SEC Interpretation: Management’s Discussion and Analysis of Financial Condition and Results
of Operations; Certain Investment Company Disclosures, Exchange Act Release No. 26831 (May 18, 1989) (“MD&A Release”).

The MD&A Release also sets forth a test concerning these disclosure requirements. If a trend, demand, commitment, event or uncertainty is known, management must make two assessments:

(1) Is the known trend, demand, commitment, event or uncertainty likely to come to fruition?
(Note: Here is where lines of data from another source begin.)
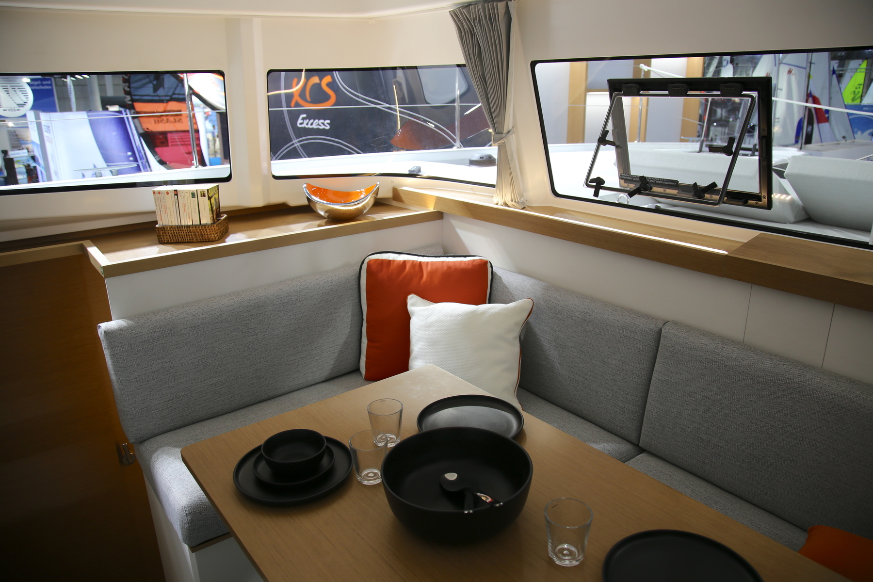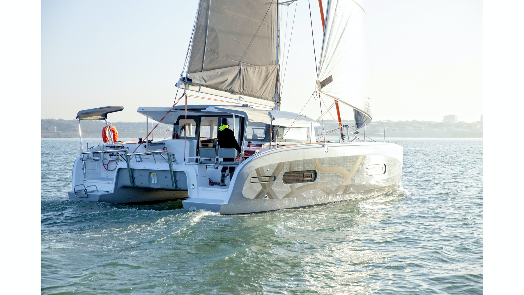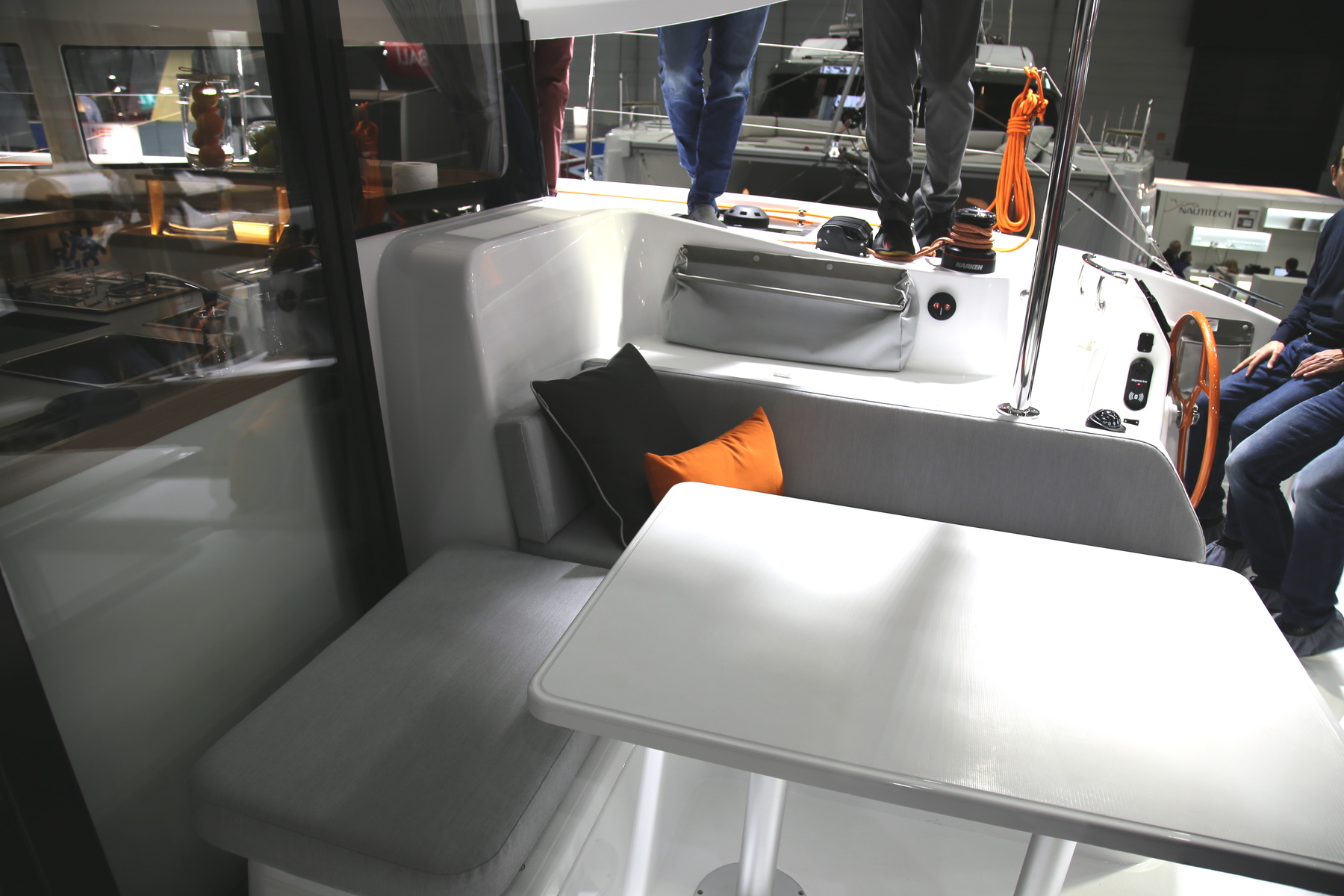 In terms of performance, these boats will be an upgrade from Laggon's catamarans manufactured by the same Concern, the Beneteau Group. None of the boats have a flybridge, the boom is close to the ridge roof, which gives a more efficient sailing plane. The helms are located at the back of each side, this is the place that gives the best overview and sailing feeling. You see the whole boat, all the sails and how the waves meet the boat.
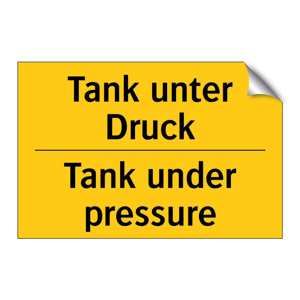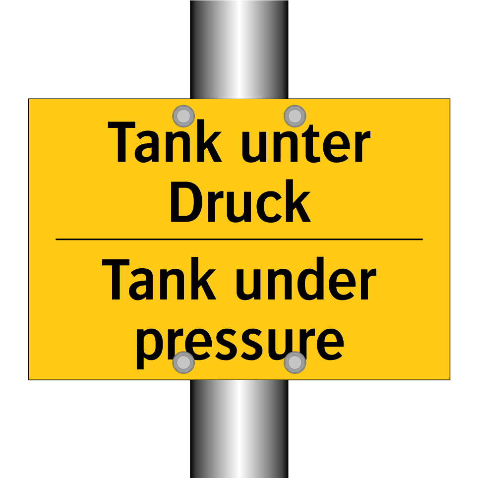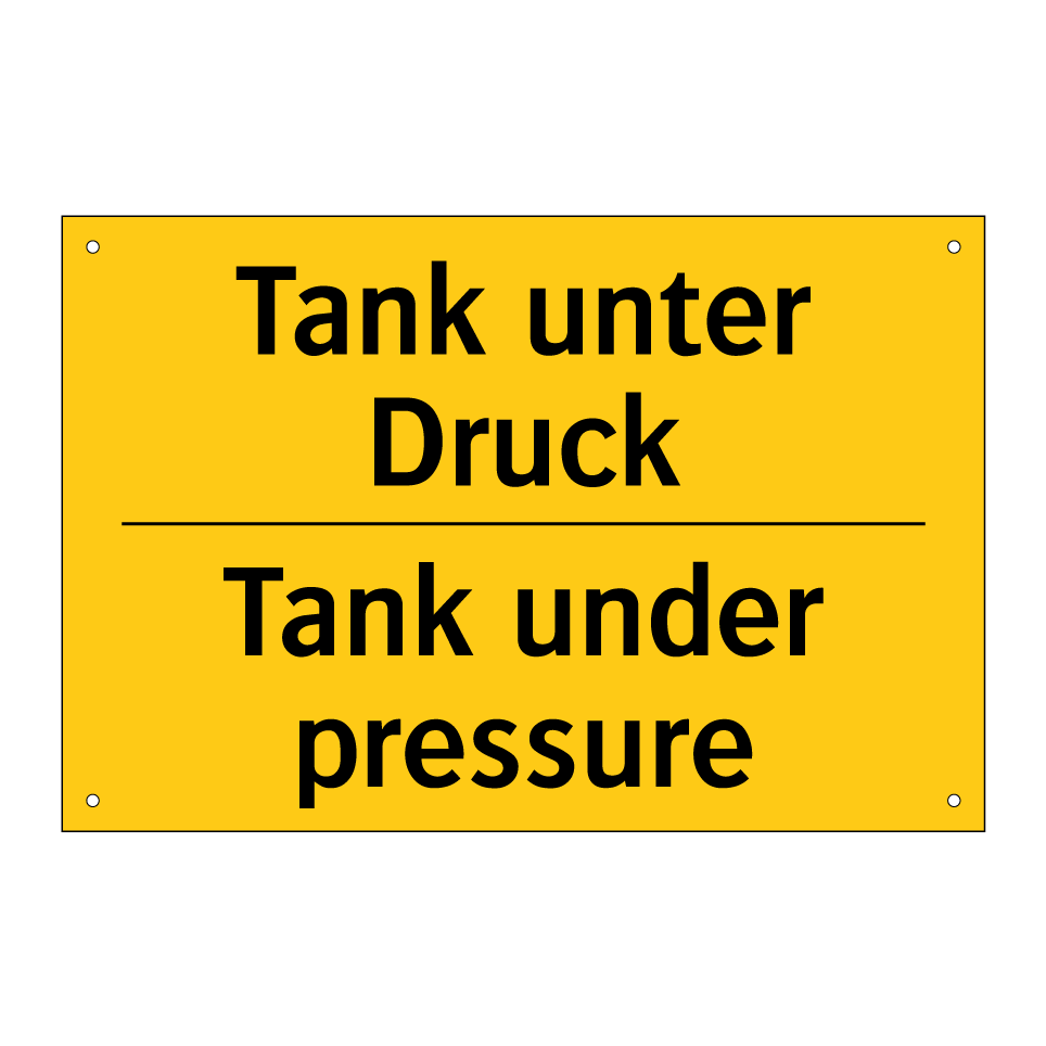 Zweisprachiges Warnschild mit deutschem Text Tank unter Druck und englischem Text Tank under pressure
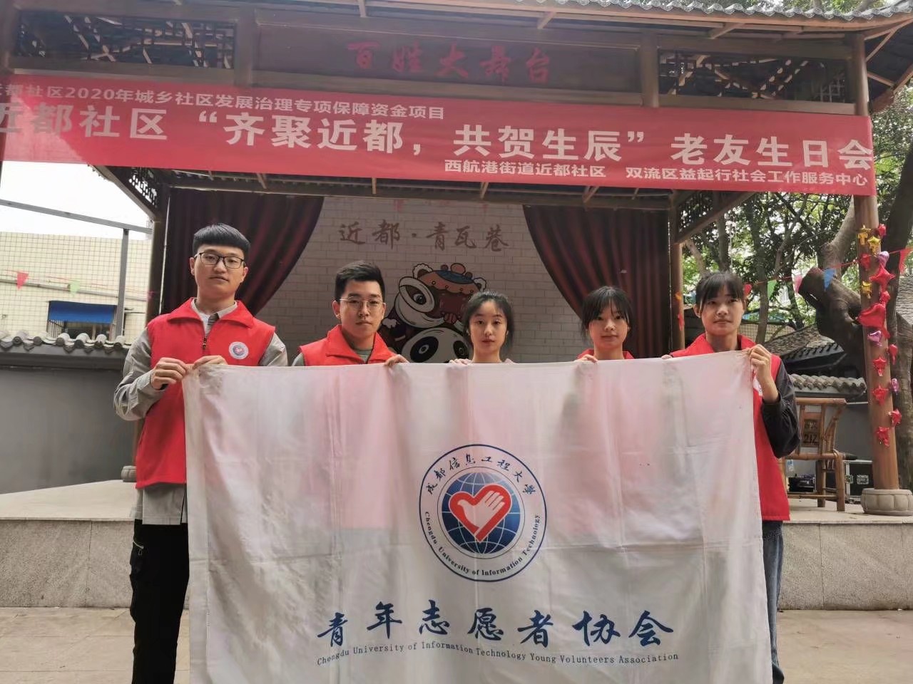 伟德国际1946源于英国青年志愿者协会控制分会的志愿者们于4月22日中午在校门口乘坐公共交通工具抵达双流区西航港街道西航港近都社区,走进社区开展为老人庆生的活动,传递自己的爱心。
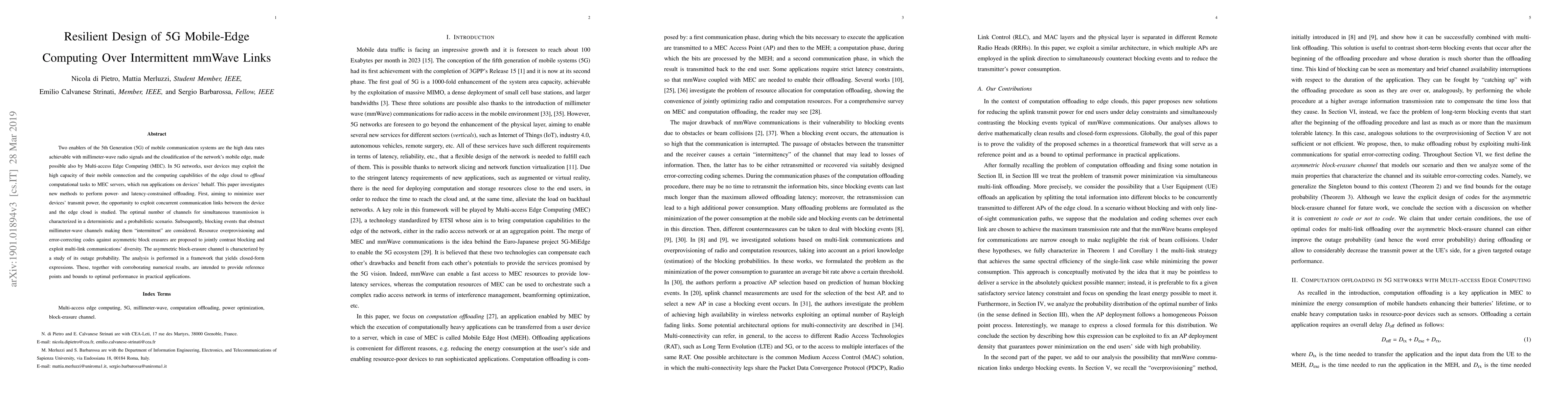 Two enablers of the 5th Generation (5G) of mobile communication systems are the high data rates achievable with millimeter-wave radio signals and the cloudification of the network's mobile edge, made possible also by Multi-access Edge Computing (MEC). In 5G networks, user devices may exploit the high capacity of their mobile connection and the computing capabilities of the edge cloud to offload computational tasks to MEC servers, which run applications on devices' behalf. This paper investigates new methods to perform power- and latency-constrained offloading. First, aiming to minimize user devices' transmit power, the opportunity to exploit concurrent communication links between the device and the edge cloud is studied. The optimal number of channels for simultaneous transmission is characterized in a deterministic and a probabilistic scenario. Subsequently, blocking events that obstruct millimeter-wave channels making them `intermittent' are considered. Resource overprovisioning and error-correcting codes against asymmetric block erasures are proposed to jointly contrast blocking and exploit multi-link communications' diversity. The asymmetric block-erasure channel is characterized by a study of its outage probability. The analysis is performed in a framework that yields closed-form expressions. These, together with corroborating numerical results, are intended to provide reference points and bounds to optimal performance in practical applications.
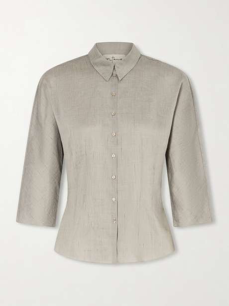Cut from lightweight striped linen, the 'Theresa' shirt by Cortana is shaped to a relaxed silhouette with a softly structured feel. The understated design and airy texture evoke effortless elegance. Style it with coordinating pieces or simple pants for everyday wear.
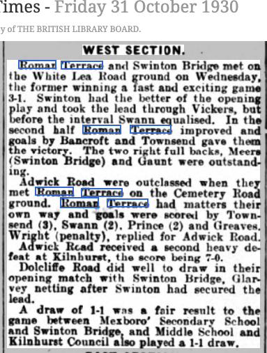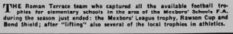 The final of the Totty Cup between Highgate and Wath Victoria on the Goldthorpe United ground on Monday evening produced one of the finest schoolboy games of the season. A splendid crowd assembled and for full 70 minutes had a hectic time. Highgate had the advantage of a breeze in the first half but had to play up the slope. For a period the Highgate boys had the better of the play and attacked repeatedly. Jefferson supported his forwards and although they showed plenty of energy they found the Victoria defenders in good form. The half-backs Mell, Wadeworth and Waggitt were marking their men effectively and on the occasions when the forwards eluded their halves, Stevenson nipped in and prevented them from coming too close.
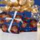 Rampant Rudolph papel de envoltura brillante azul. Este diseño, originario de una marca de cerveza de alta venta, ahora está disponible en una variedad de artículos para Navidades.
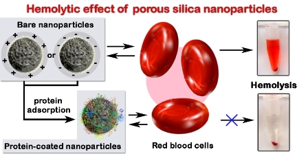 Bare porous silica nanoparticles induce hemolysis in human red blood cells, while protein coated nanoparticles resulted from their interaction with blood plasma (the so called protein corona effect) completely prevent the hemolytic effect
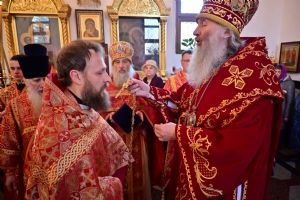 На входе с Евангелием митрополит Иоанн вручил богослужебно-иерархическую награду иерею Алексию Добикову - он удостоен права ношения наперсного креста золотого цвета.
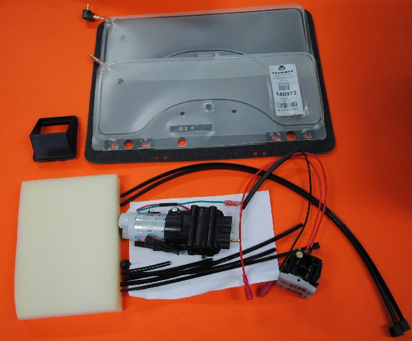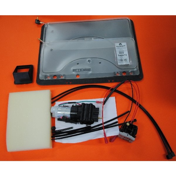 The Grammer Air Lumbar Kit, part number 140973, is a comprehensive solution designed to enhance lumbar support in seats fitted with the MSG 97AL and MSG 95A series suspension systems. This kit includes everything needed for installation and operation: a compressor, a switch for controlling the lumbar adjustment, air lumbar bags for customized support, and the necessary wiring for seamless integration.
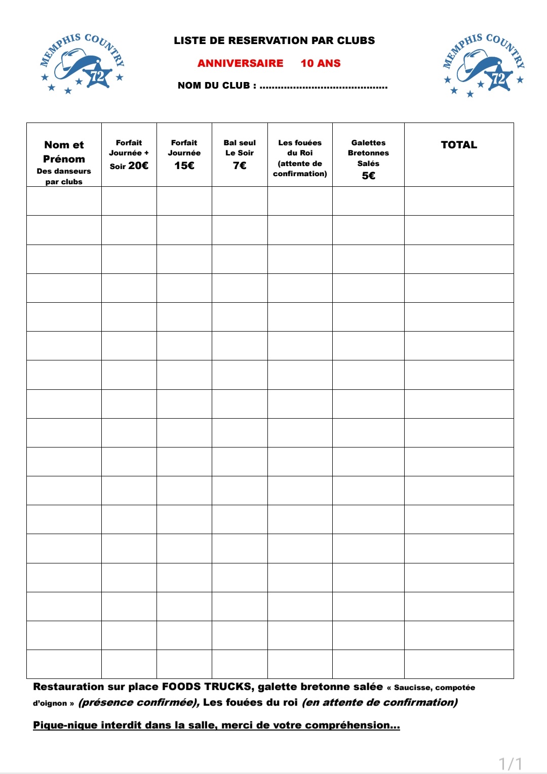 Samedi 9 à 14h : Workshop et Bal organisé par Memphis Country 72 à Connerré (72) pour les 10 ans du club – Affiche – Bulletin de réservation –
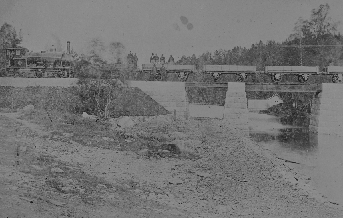 BJ 5 med gruståg på bron över Bredsjöån vid anläggningen.
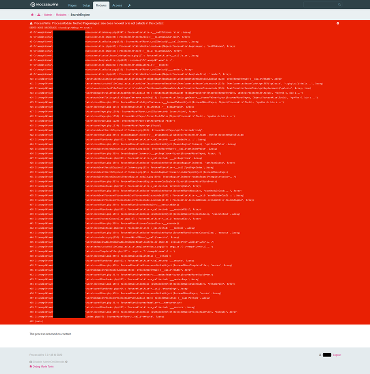 @teppo Thanks for your help! Sorry for the delay (and sorry I have to get back to this). Yes, you're right, I use Hanna Code on my site. My code works fine though except when called by your indexer. I noticed another thing: When trying to save the page which calls my HC, PW gives the same error as above. This is the content of my HC causing the trouble: if($page->images_gallery->count()) { // images_gallery is a repeater field $gallery = "<div class='gallery'>"; foreach($page->images_gallery as $img) { if($img->image_caption) { $titleAttr = "title='" . strip_tags($img->image_caption) . "'"; $imgCaption = "<div class='lightbox-caption'>$img->image_caption</div>"; } else { $titleAttr = ""; $imgCaption = ""; } $gallery .= " <a href='{$img->image->url}' $titleAttr> <img src='" . $img->image->size(250, 250)->url . "' alt='" . $img->image->description . "'> $imgCaption </a> "; } $gallery .= "</div>"; echo $gallery; } This is tailored to output formatting being on, as is usually the case when HC is called. How does your indexer handle OF when it pulls content from fields? I'm still confused by the fact that triggering your indexer via API does NOT lead to any error. The error seems to appear only when the backend is "involved". Any ideas? Thanks a lot!
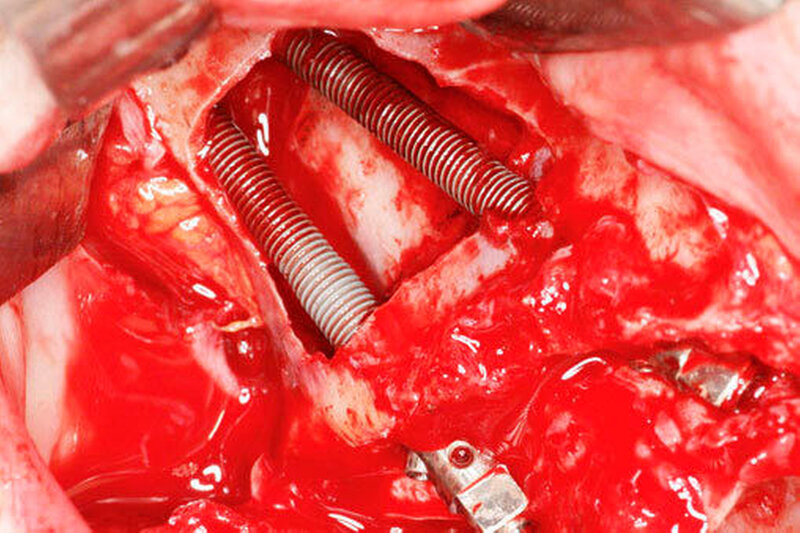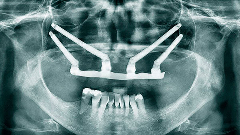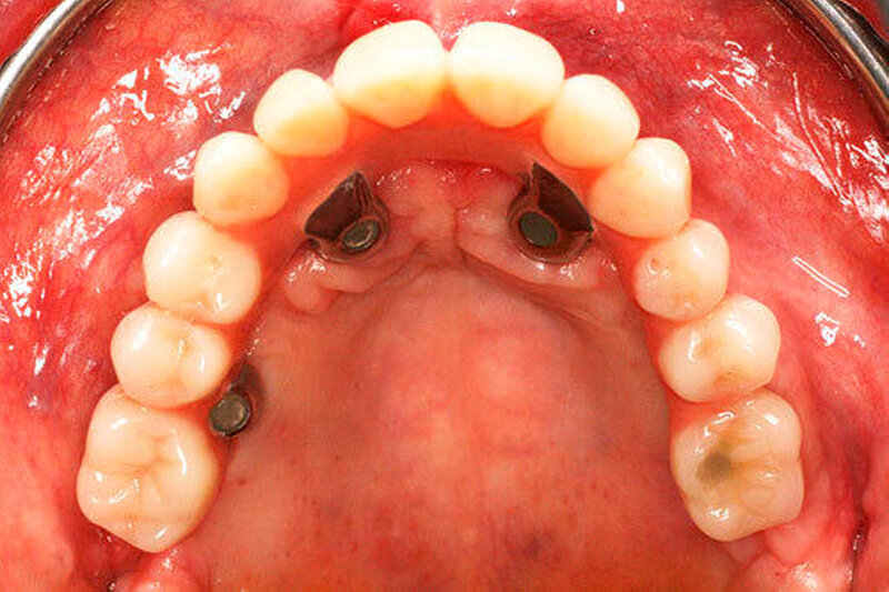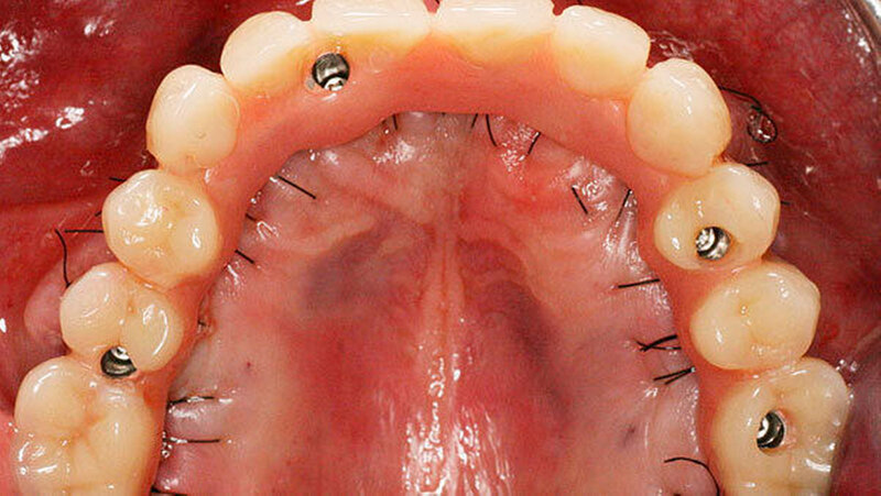 Für einen festsitzenden Zahnersatz werden in der Regel sechs bis acht Implantate benötigt. Um diese Therapieoption zu realisieren, sind häufig aufwändige Rekonstruktionen des Kieferkamms, zum Teil unter Nutzung extraoraler Spenderregionen, notwendig.
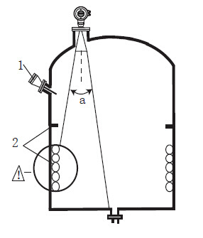 ● 在 信號(hào)波束內(nèi), 應(yīng)避免有如下安裝物(1):例如限位開(kāi)關(guān),溫度傳感器等?!?對(duì)稱(chēng)裝置(2),如真空環(huán),加熱線圈,擋板等等?!?如果罐內(nèi)有(1)(2)干涉物件,應(yīng)采用導(dǎo)波管進(jìn)行測(cè)量。 3.3安裝選擇● 天線尺寸:天線越大,波束角越小,干擾回波將越弱。● 天線調(diào)整:將天線調(diào)整到測(cè)量位置。(見(jiàn)樣本第8頁(yè))● 導(dǎo)波管:導(dǎo)波管安裝用來(lái)避免干擾回波。(見(jiàn)樣本第9頁(yè))
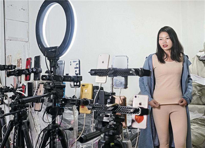 2019年11月9日,浙江金華,義烏北下朱村,倆主播在直播銷售保暖內(nèi)衣。
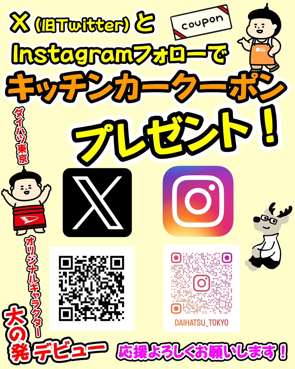 ダイハツではX(旧ツイッター)とInstagramのフォローでキッチンカークーポンプレゼント!
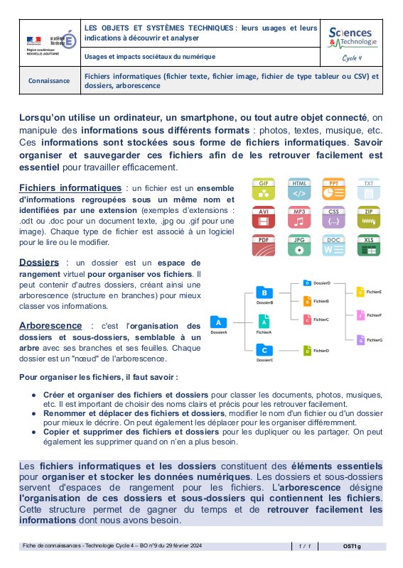 Ost1G Fichiers Informatiques Fichier Texte Fichier Image Fichier De Type Tableur Ou Csv Et Dossiers Arborescence
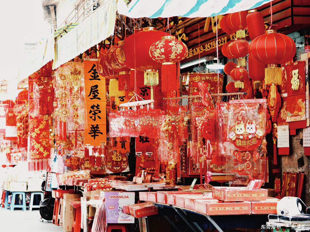 红色的灯笼、金色的对联、五彩斑斓的花束,把东莞装点得如诗如画。虎门老街、石龙中山路、各大年货市场……放眼望去的一片通红,被满满的春节气息紧紧包围。

If management determines that it is not reasonably likely to occur, no disclosure is required; and

(2) If management cannot make that determination, it must evaluate objectively the consequences of the known trend, demand, commitment, event or uncertainty, on the assumption that it will come to fruition. Disclosure is then required unless management determines that a material effect on the registrant’s financial condition or results of operations is not reasonably likely to occur.

The Commission also has explained that “reasonably likely” is a lower disclosure threshold than “more likely than not.” Commission Statement About Management’s Discussion and Analysis of Financial Condition and Results of Operations, Release Nos. 33-8056 and 34-45321 (January 25, 2002).

During the relevant period, Bank of America failed to disclose known material uncertainties relating to (1) whether Fannie Mae had changed their repurchase practices after being put into conservatorship, and the increasing number of claims and increasing inventory of contested claims from Fannie Mae; and (2) the future volume of repurchase claims from monoline insurers and the ultimate resolution of mounting contested monoline claims. With regard to these uncertainties, Bank of America neither determined that they were not reasonably likely to come to fruition, nor determined that, if they came to fruition, they would not have a material impact on income from
continuing operations. These uncertainties indicated a material risk to future income from continuing operations. Accordingly, disclosure was required. See Panther Partners, Inc. v. Ikanos Communications, Inc., 681 F.3d 114, 122 (2d Cir. 2012) (concluding that Item 303 required disclosure of known uncertainty regarding potential returns of product and risk to future income).